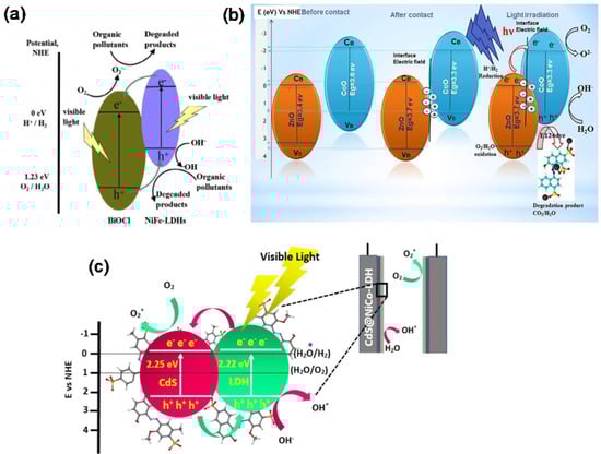 (a) The photocatalytic mechanism of BiOCl/NiFe−LDH heterostructure []. Copyright 2015 Elsevier. (b) The possible photodegradation mechanism of ZnO/CoO []. Copyright 2022 Elsevier. (c) Proposed photoelectrocatalytic degradation mechanism of CdS/NiCo−LDH heterojunctions []. Copyright 2022 Elsevier.
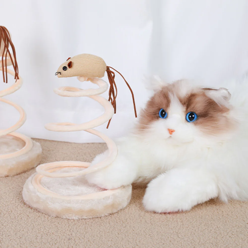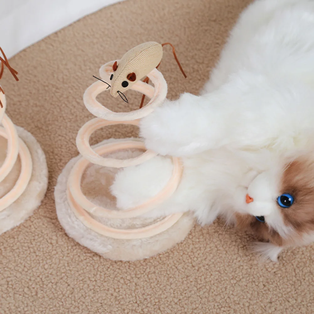 Juego de rascador y juguetes para gatos, almohadilla rascadora de disco de lino con resorte de acero en espiral + ratón de lino, juguete duradero para rascar gatos para el cuidado de las uñas
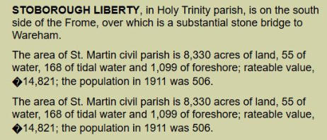Wales described Stoborough like this: STOBOROUGH, a liberty in
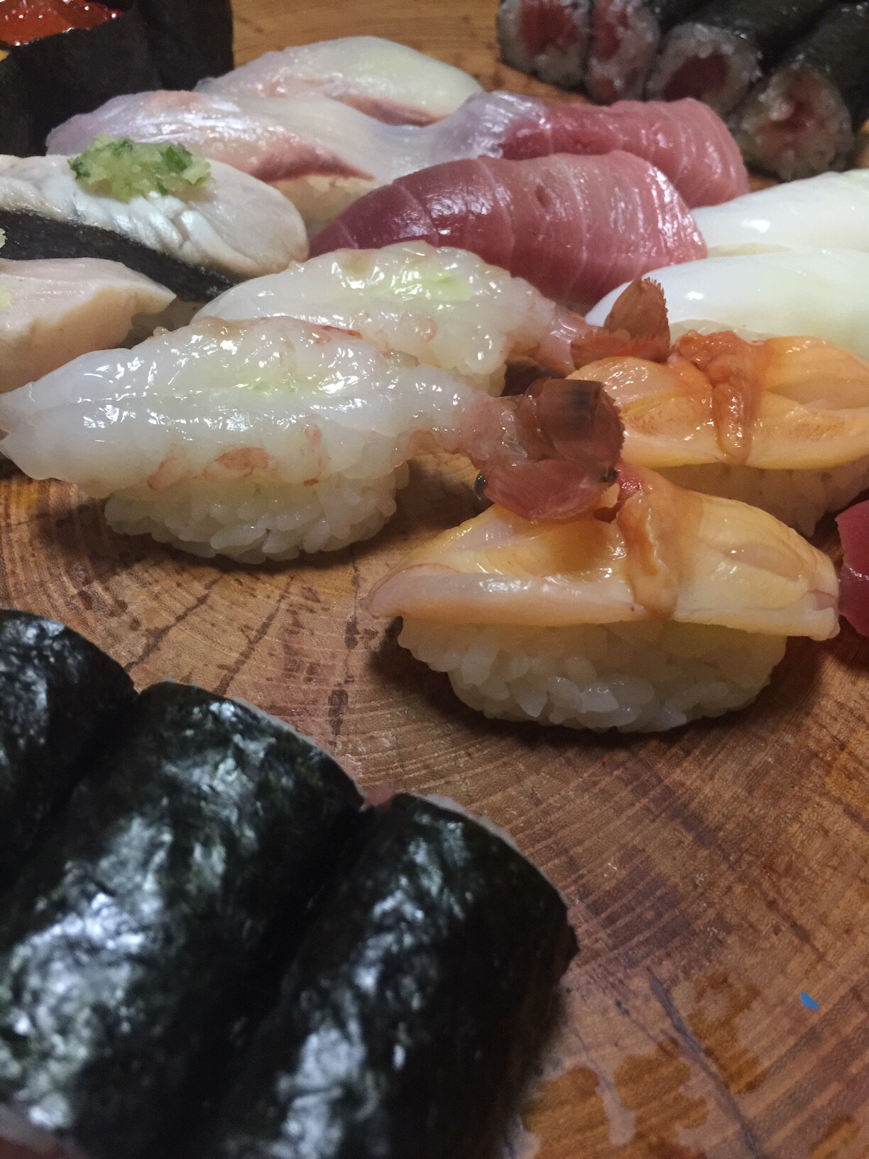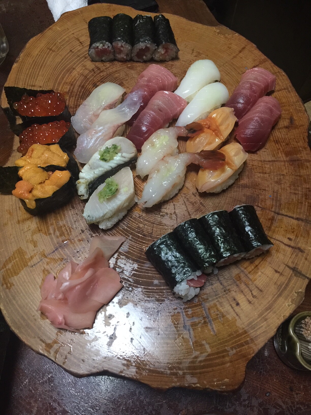 で、いよいよ同じく切り株に盛られた握り寿司~
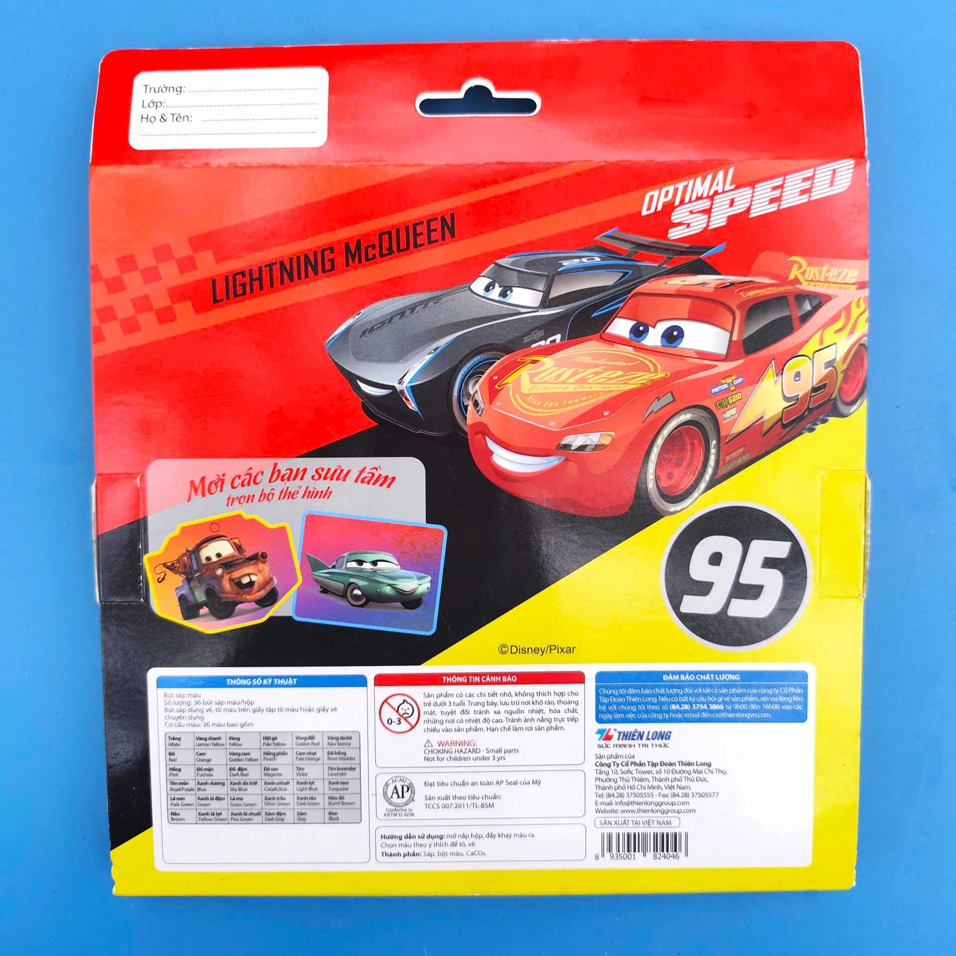 - Hình ảnh bản quyền: Vỏ hộp nổi bật với hình ảnh nhân vật Lightning McQueen (Số 95) mạnh mẽ và tốc độ. Thiết kế này cực kỳ lôi cuốn các bé trai và những fan hâm mộ của dòng phim Cars.
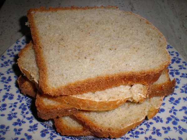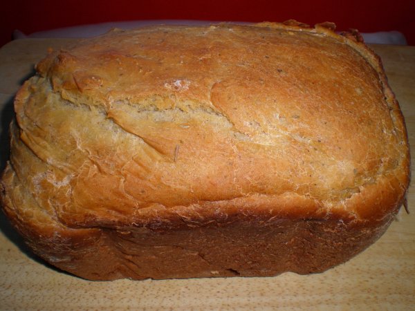Muy rico este pan, la casa entera tenía un olorcito a asado... La receta original se hacía con panecitos pero la masa era demasiado pegajosa como para sacarla de la panificadora. Lo he hecho con harina blanca de fuerza, pero la próxima mezclaré harina integral que lo prefiero al ser más sana, aunque luego voy y me casco unas manitas de cerdo... a ver como te lo explicas... Yo me lo comí con una manitas de cerdo. El resto a rebanadas y al congelador, como siempre.
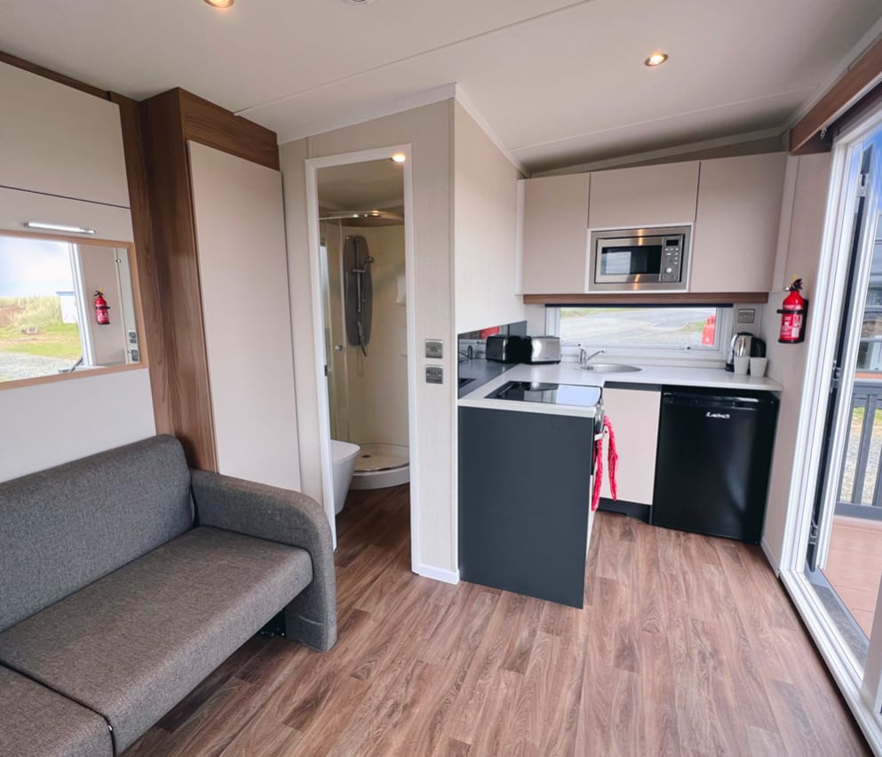 Our Luxury Pods in St Ives Bay offer a level of comfort that surpasses the norm! They feature a fold-out double bed, a small kitchen, a toilet, and a shower so you can chill out and enjoy your stay.
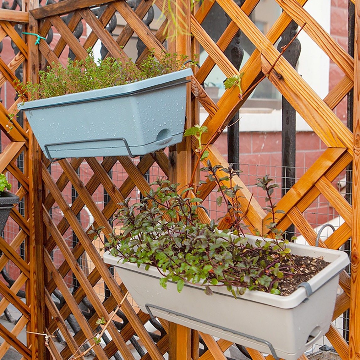 防腐木篱笆花架加上栏杆花架,可以最大程度的利用立体空间,放上几盆种菜盆,透气不沤根,种什么都爆盆,撒上些种子,家里从此不用买菜啦!
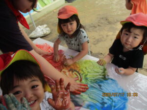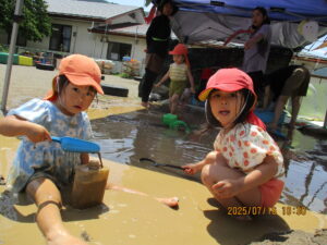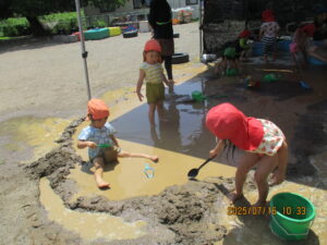 最初は水や泥が身体につくことが苦手な子もいたが、様々な経験を通して“やってみたい” “さわってみたい”とわくわくする気持ちが大きくなり今では全身びしょぬれになってどの子も泥や水を使って遊び込んでいる。
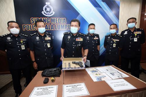 吉隆坡总警长拿督阿兹米今日召开新闻发布会时指出,警方是针对一宗涉及案值69万3000令吉,于去年11月11日发生在蕉赖皇后镇某住宅的入屋抢劫案,于昨日晚上10时在隆市沙叻秀展开逮捕行动时发生有关枪击事件。
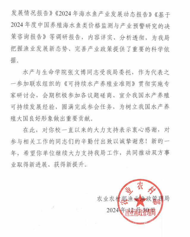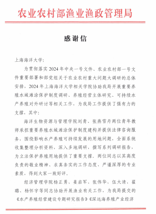 近日,学校收到农业农村部渔业渔政管理局发来的感谢信。感谢学校相关学院协助农业农村部渔业渔政管理局开展重要养殖水域滩涂保护制度调研、养殖经营主体研究、可持续水产养殖对外研讨等有关工作。对学校及新葡的京集团8814刘青、张燕雪丹同志,经济管理学院杨正勇、姜启军、张伟华、伍大清、翟璐、杨怀宇等同志以及水产与生命学院张文博同志一并表示感谢。
━━━━━━━━━━━━━━━━
◆ **Exercise objective**
Exactly repeat every line from the line that includes "Muy rico este" to the end of the listing, and nothing else, leaving pictures out.

◆ **The completed task**
Muy rico este pan, la casa entera tenía un olorcito a asado... La receta original se hacía con panecitos pero la masa era demasiado pegajosa como para sacarla de la panificadora. Lo he hecho con harina blanca de fuerza, pero la próxima mezclaré harina integral que lo prefiero al ser más sana, aunque luego voy y me casco unas manitas de cerdo... a ver como te lo explicas... Yo me lo comí con una manitas de cerdo. El resto a rebanadas y al congelador, como siempre.
 Our Luxury Pods in St Ives Bay offer a level of comfort that surpasses the norm! They feature a fold-out double bed, a small kitchen, a toilet, and a shower so you can chill out and enjoy your stay.
 防腐木篱笆花架加上栏杆花架,可以最大程度的利用立体空间,放上几盆种菜盆,透气不沤根,种什么都爆盆,撒上些种子,家里从此不用买菜啦!
 最初は水や泥が身体につくことが苦手な子もいたが、様々な経験を通して“やってみたい” “さわってみたい”とわくわくする気持ちが大きくなり今では全身びしょぬれになってどの子も泥や水を使って遊び込んでいる。
 吉隆坡总警长拿督阿兹米今日召开新闻发布会时指出,警方是针对一宗涉及案值69万3000令吉,于去年11月11日发生在蕉赖皇后镇某住宅的入屋抢劫案,于昨日晚上10时在隆市沙叻秀展开逮捕行动时发生有关枪击事件。
 近日,学校收到农业农村部渔业渔政管理局发来的感谢信。感谢学校相关学院协助农业农村部渔业渔政管理局开展重要养殖水域滩涂保护制度调研、养殖经营主体研究、可持续水产养殖对外研讨等有关工作。对学校及新葡的京集团8814刘青、张燕雪丹同志,经济管理学院杨正勇、姜启军、张伟华、伍大清、翟璐、杨怀宇等同志以及水产与生命学院张文博同志一并表示感谢。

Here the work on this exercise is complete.